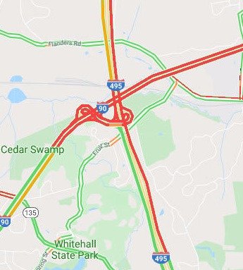 The intersection of I‑495 and I‑90 in Westborough frequently sees congestion, not only on the on and off ramps, but often on the surrounding roadways as well.
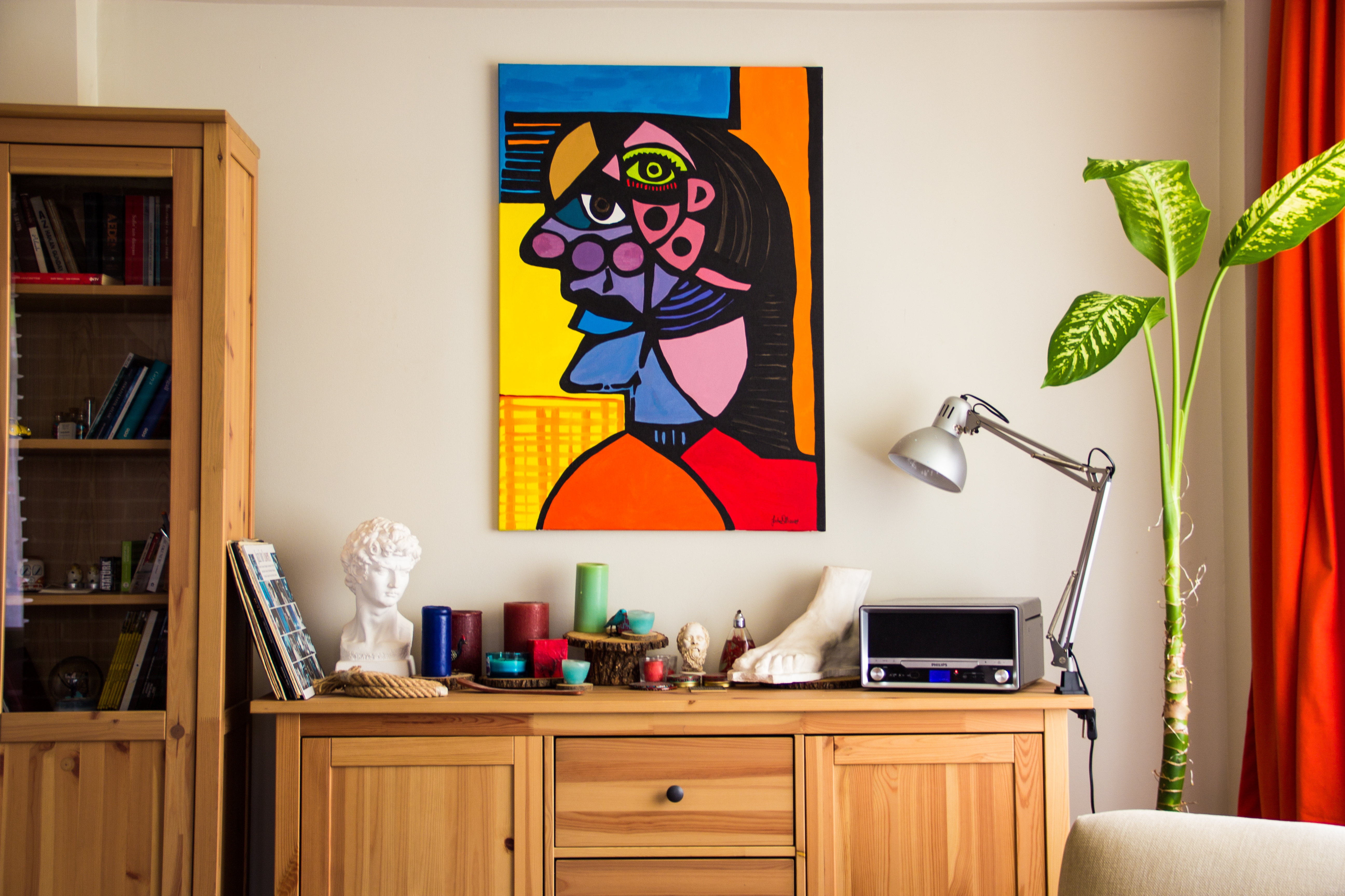 Pop art stilinde, referans görsellerden yola çıkılarak akrilik boya ile tuval üzerine hazırlanmış el yapımı bir çalışmadır.
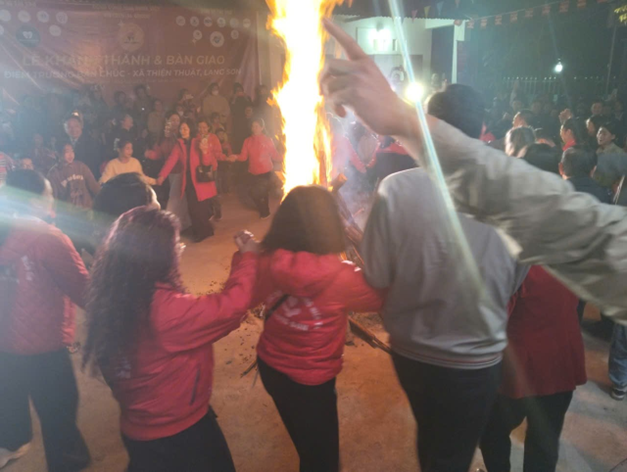 (Bên ngọn lửa trại ấm áp, tất cả cùng nắm tay để nối dài những vòng tay nhân ái).
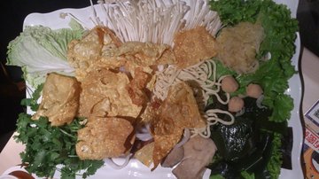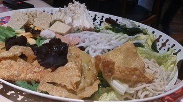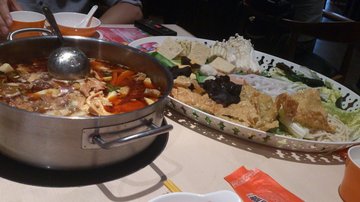 同事嚷嚷着要吃火锅,在网上搜了下,正好万达这家有团购,就团了个119元的三人餐,中午的时候人还不是很多,去了四个人,服务员说再加两块钱的餐位费,另外调料和从前也不一样了,现在是5元钱一份的自助,原来店里供应的免费贩爆米花已经被辣萝卜条和辣白菜取缔了,其它的调料和火锅类的店差不多,于是又另交了20块钱的调料费。团购说的是1.6斤的肉,1.2斤的土豆,反正都已经放在锅里的,也看不出来了,还有一个大大的象一个餐盘一样的拼盘组合,包括虾丸、牛丸、冬瓜片、甜玉米、干豆腐、秋木耳、炸豆腐皮、酸菜、鲜金针蘑、茼蒿、自制粉、生菜、大白菜、冻豆腐、手擀面等待好多,看起来很超值的样子,而且摆放的也很漂亮。肉端上来的时候已经是熟的了,土豆和其它的菜需要煮一会儿,之所以喜欢来这家的原因也无外乎是肉虽然软烂,但不失劲道,汤底虽然是辣的,但吃起来并不是很辣,同事也很喜欢喝这个汤,闻起来也香香的,其它的配菜并没有什么惊艳的地方,手擀面还不错,四个人本来怕不够吃,又点了两碗米饭,结果最后也没有吃光,总之,还是一家不错的店。…查看更多
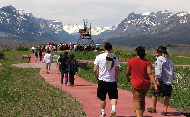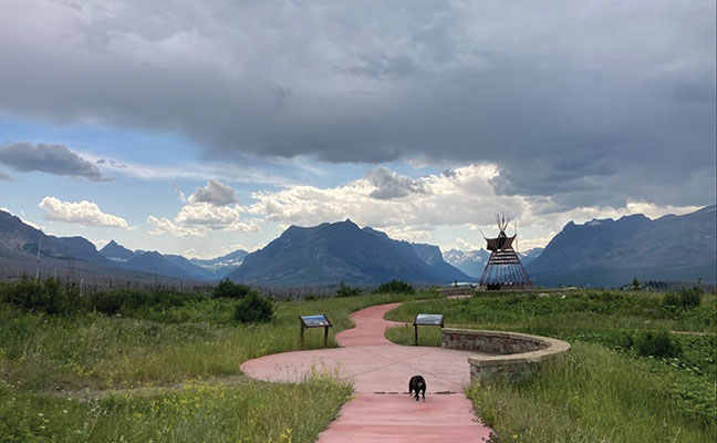 The St. Mary Scenic Overlook provides a panoramic view of St. Mary Lake and the Rocky Mountains - the Crown of the Continent - within Glacier National Park. At 5050' elevation, the area lies within a small slice of Montana that is within the Hudson Bay drainage area. Occupying approximately 1.8 acres, owned in trust by the USA for the Blackfeet Nation, the site lies along a major north-south highway connecting Canada and Mexico. It is located on the auto "loop" that traverses Glacier National Park via the famous Going-to-the-Sun Road, which sees approximately 2.2 million visitors every year. The land is part of the legendary home of the 'Trickster', or 'Napi' as he is called in the native Blackfeet language. The tribe has been in these lands, that once extended from central Canada south to the Yellowstone River, for millennia. Currently, the 17,000 enrolled members of the Blackfeet Nation now occupy the 1.5-million-acre territory in northwestern Montana that borders Canada to the north and Glacier National Park to the west.
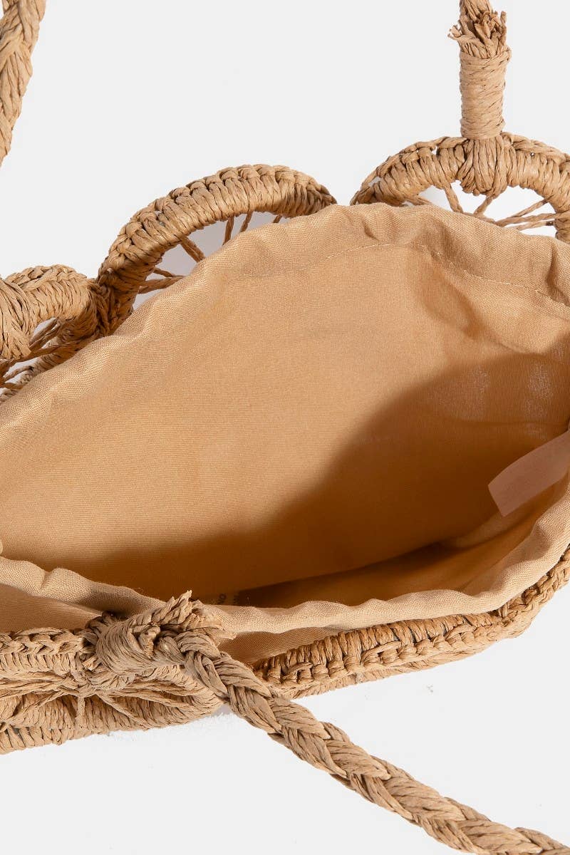 This hand bag features a fashionable intricate braided wheels style with a removable inner pouch. Discover the perfect balance of subtlety and flair as this hand bag effortlessly completes your look.
__________
→ **Instructions to follow**: The answer must be an exact restatement of all the records, with no pictures included.

→ **Response for this exercise**:
 The intersection of I‑495 and I‑90 in Westborough frequently sees congestion, not only on the on and off ramps, but often on the surrounding roadways as well.
 Pop art stilinde, referans görsellerden yola çıkılarak akrilik boya ile tuval üzerine hazırlanmış el yapımı bir çalışmadır.
 (Bên ngọn lửa trại ấm áp, tất cả cùng nắm tay để nối dài những vòng tay nhân ái).
 同事嚷嚷着要吃火锅,在网上搜了下,正好万达这家有团购,就团了个119元的三人餐,中午的时候人还不是很多,去了四个人,服务员说再加两块钱的餐位费,另外调料和从前也不一样了,现在是5元钱一份的自助,原来店里供应的免费贩爆米花已经被辣萝卜条和辣白菜取缔了,其它的调料和火锅类的店差不多,于是又另交了20块钱的调料费。团购说的是1.6斤的肉,1.2斤的土豆,反正都已经放在锅里的,也看不出来了,还有一个大大的象一个餐盘一样的拼盘组合,包括虾丸、牛丸、冬瓜片、甜玉米、干豆腐、秋木耳、炸豆腐皮、酸菜、鲜金针蘑、茼蒿、自制粉、生菜、大白菜、冻豆腐、手擀面等待好多,看起来很超值的样子,而且摆放的也很漂亮。肉端上来的时候已经是熟的了,土豆和其它的菜需要煮一会儿,之所以喜欢来这家的原因也无外乎是肉虽然软烂,但不失劲道,汤底虽然是辣的,但吃起来并不是很辣,同事也很喜欢喝这个汤,闻起来也香香的,其它的配菜并没有什么惊艳的地方,手擀面还不错,四个人本来怕不够吃,又点了两碗米饭,结果最后也没有吃光,总之,还是一家不错的店。…查看更多
 The St. Mary Scenic Overlook provides a panoramic view of St. Mary Lake and the Rocky Mountains - the Crown of the Continent - within Glacier National Park. At 5050' elevation, the area lies within a small slice of Montana that is within the Hudson Bay drainage area. Occupying approximately 1.8 acres, owned in trust by the USA for the Blackfeet Nation, the site lies along a major north-south highway connecting Canada and Mexico. It is located on the auto "loop" that traverses Glacier National Park via the famous Going-to-the-Sun Road, which sees approximately 2.2 million visitors every year. The land is part of the legendary home of the 'Trickster', or 'Napi' as he is called in the native Blackfeet language. The tribe has been in these lands, that once extended from central Canada south to the Yellowstone River, for millennia. Currently, the 17,000 enrolled members of the Blackfeet Nation now occupy the 1.5-million-acre territory in northwestern Montana that borders Canada to the north and Glacier National Park to the west.
 This hand bag features a fashionable intricate braided wheels style with a removable inner pouch. Discover the perfect balance of subtlety and flair as this hand bag effortlessly completes your look.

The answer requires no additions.